He looks sad for a moment, and it makes me a little sad too. But then he raises the bottle and says, “Have fun getting fucked by your football player.” And he says it really loudly, enough that the fifteen people closest to us prick up their ears. Some turn and stare at me. The hostess starts over, but stops when Brian grins and walks out. She just stares in my direction, and of course, I can’t leave until the waitress comes back with the credit card slip.

Driving back, I do wonder if Dev will ever really understand how important this is, not just to me, but to the world. I think he knows with his head, but I don’t think he feels it with his heart, and I don’t know how to get that through to him. Maybe if I confirm my suspicions about Kodi, maybe if Dev knows there’s another gay guy on his team who’s afraid to come out…maybe. Of course, then I think of Brian saying that Dev will eventually hook up with another gay football player, and I worry that he’d feel protective of shy, scared Kodi, that one night on the road, while Vonni’s getting a blow job that doesn’t count and Gerrard is doing whatever he’s doing and that male fox groupie is sucking off some guy who doesn’t want to admit he likes guys…

I grit my teeth and shake my head. That’s what Brian would want, to get into my head like that. But at the same time, I can’t quite shake it. And I can’t talk to Dev about it, I don’t want to expose stress in our relationship to Hal, and I can’t talk to Father. I want to drive to a liquor store like he did, buy a good bottle of scotch, and just get quietly, miserably drunk.

Sacrifice is most worthwhile and hardest when nobody knows you’re doing it. If I went to Dev and told him how much this meant to me, that I was giving it up for him, well, he’d feel terrible about it. It would pretty much screw up the whole thing. So I have to keep it tucked inside myself, and what worries me is that I have never been very good at that.

 

***

 

New Year’s Eve, Dev is in Hellentown, two hours ahead of me and Chevali. He calls me right around ten o’clock—his midnight—and says he’s out with the guys but wanted to wish me Happy New Year. I toast him with a glass of the scotch I bought and curl up alone on the sofa.

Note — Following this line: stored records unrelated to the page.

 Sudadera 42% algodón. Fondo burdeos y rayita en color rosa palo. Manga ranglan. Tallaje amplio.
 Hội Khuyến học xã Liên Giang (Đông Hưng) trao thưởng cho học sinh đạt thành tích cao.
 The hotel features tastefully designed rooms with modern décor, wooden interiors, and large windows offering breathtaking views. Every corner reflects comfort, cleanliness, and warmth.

An hour later, I call my father for his midnight. He’s doing the same thing I am: drinking at home. At least he’s doing sparkling wine rather than scotch. We talk about maybe getting together for one of the playoff games if I can get an extra ticket. Otherwise it probably won’t be until the off-season. I tell him Dev and I will come up and visit, and he says if it gets too cold, he might fly down to Chevali again. I say I’d like that, and that I hope his ’09 is better than his ’08.

And then it’s ten to midnight and my phone rings with Dev’s number. I’m a little drunk from the scotch already, so I just listen to him talk about practice and the excitement around the playoff game. A couple times I break in with tips for him, but otherwise I stay quiet.

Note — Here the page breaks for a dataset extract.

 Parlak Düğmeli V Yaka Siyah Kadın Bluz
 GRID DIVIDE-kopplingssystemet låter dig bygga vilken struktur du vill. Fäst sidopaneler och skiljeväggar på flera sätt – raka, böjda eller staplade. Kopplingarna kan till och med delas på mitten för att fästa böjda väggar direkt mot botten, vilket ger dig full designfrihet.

He notices, and asks if I’m okay, and then what I’ve been up to. I tell him I’ve been watching college bowl games, looking for my players, but it’s frustrating not having control over the film. When the TV cuts away from the player I want to see, that’s it. I don’t get another angle, don’t get to see more.

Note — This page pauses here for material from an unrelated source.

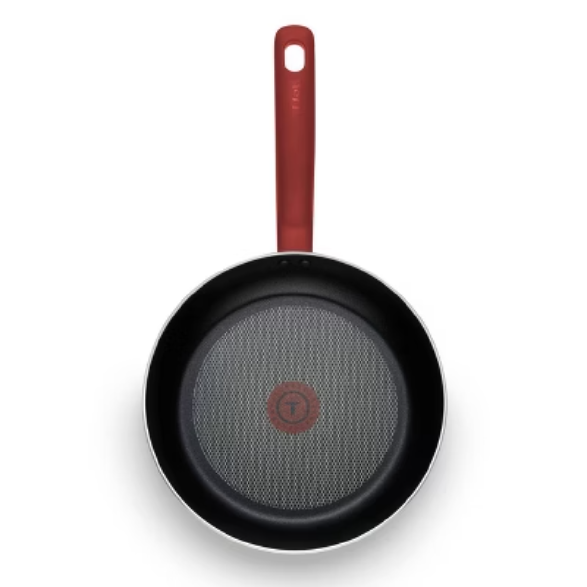 Description This Simply Clean Saute Pan from T-Fal is the perfect addition to your cookware collection. The non-stick frying pan has a round, flat base that delivers even heat distribution for reliable results, regardless of what food you are sauteing, scrambling or frying. Made with durable aluminum and a dishwasher-safe design for easy cleaning, you can saute up some colorful veggies easily in this even-heating frying pan. highlights Thermo-spot heat indicator clearly shows when the pan is perfectly preheated Durable aluminum construction and superior non-stick design makes for fuss free, clean cooking Dishwasher-safe design makes for easy and quick clean up Features stay-cool, comfort-grip ergonomic handle to make cooking a breeze

There’s a short silence, and then he says. “January first is tomorrow.”

“That’s what usually happens after New Year’s Eve, stud.”

“Did you talk to the Equality guy?”

“Brian. Yes.”

Another pause. “And?”

“I told him you’re not going to do it.”

He exhales. “Thanks, fox.”

I lean back on the couch. “Well, you weren’t. It wasn’t like I could lie to him.”

“No, but…” He might be a little drunk himself. “You could’ve kept bugging me about it.”

“I know better than that. You were right. I told you to focus on football and that’s what you should do. No matter whether there’s people out there who need to be recognized. That’s their problem.”

“Doc.”

“Sorry.” I sigh. “I might have had a little to drink.”

“You can make it up to me Friday.”

“I will.”

“With sex.”

I don’t say anything. He goes on. “That’s a joke. I mean, not that I don’t want sex. It’s…”

“It’s okay,” I say. “I get it.”

“Did you figure out what to do with the forty grand?”

I pause. “You said you’d be okay if I donated it to Equality Now, right?”

“I…yeah. If that’s what you want to do with it.”

“Okay.”

He knows me too well to let it go. “Is that what you did with it?”

I curl my tail around my legs and look up at the ceiling. “I’ll tell you Friday. Maybe.”

“Am I going to have to work it out of you?”

“You can work something out of me.”

“That’s my fox.”

“Yes,” I say.

The clock on the TV starts counting down. I count into the phone, and Dev counts with me, from twenty down to zero. Then he makes a kissing noise, and I make one back, and it’s 2009, a new year, and he and I are facing it together. I imagine my arms around him, and he imagines his arms around me, and we imagine together some of the things we’ll do on Friday.

When he hangs up to go get some sleep, I walk to the end table, pick up the check, and look at it. Then I set it down and go into the bedroom.

You can’t break up with a principle, Brian said. Shows how much he knows. I don’t want to send the check to Equality Now, because I don’t want Brian helping spend the money, but I don’t just want to spend it on us either. Right now I think I’m going to save half of it and give half to some gay rights cause. But I don’t know what cause that’ll be.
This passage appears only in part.